Tuesday, October 10, 2023

Fritz Jennings, Poet Laureate of Ethnohistory

 

I had the privilege of meeting Francis Jennings - "Fritz" to his friends - at a party hosted by two of my doctoral advisors in 1996. Our conversation touched on such matters as Bernard Bailyn's late-career discovery that Native Americans existed (this counted as news among ethnohistorians) and Jennings's then-new book on Benjamin Franklin, which proved (IMHO) one of the better biographies of the man. I regret that I did not get to repeat the experience; Fritz entered managed care a year or two later and died in 2000.

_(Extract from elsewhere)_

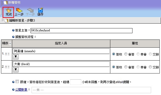 5. 選擇承辦人員或者其他流程。

Jennings was best known as a scholar and historical writer, but he made at least one foray into poetry. The advisors who hosted the aforementioned get-together, Mike Green and Theda Perdue, had previously co-directed with Jennings an ethnohistorical seminar at UNC Chapel Hill. The seminar seems to have generated some heated methodological arguments between historians and anthropologists, which Jennings finally commemorated in verse:

 

Of ages seminarish, I sing my plaintive lay

When the Anthros and the Histos went forth in great array

To battle fierce on issues large, resolved to clear the mystery:

"Historical anthropology," or merely "ethnohistory"?

 

As ever with each other, the Anthros' fight was bitter

Until the Histos hove in view and at the sight did titter;

Then closed the Anthro ranks, and soon against the foe

Their armament of jargon for bafflement did snow.

 

Upstreaming fast, they flanked the line. A fog enveloped all

While emic-etic bombadiers strafed hard the awful brawl.

"They're in the field!" howled Histos. "We cannot follow there."  

They ran and hid in archives deep -- dense darkness in their lair.


"The fight's not fair," the Histos growled, "we dare not come to grips."

"For if we do, the chronicheit will spread to cripple quips.

"We'll document with dates and data until they beg for ruth."

And so they fought until the field was littered with the truth.


It was a famous victory at the setting of the sun.

The only issue unresolved remained the rude, "Who won?"


It won't make the Norton Anthology, but it is a far better thing than I have managed for any of my own classes.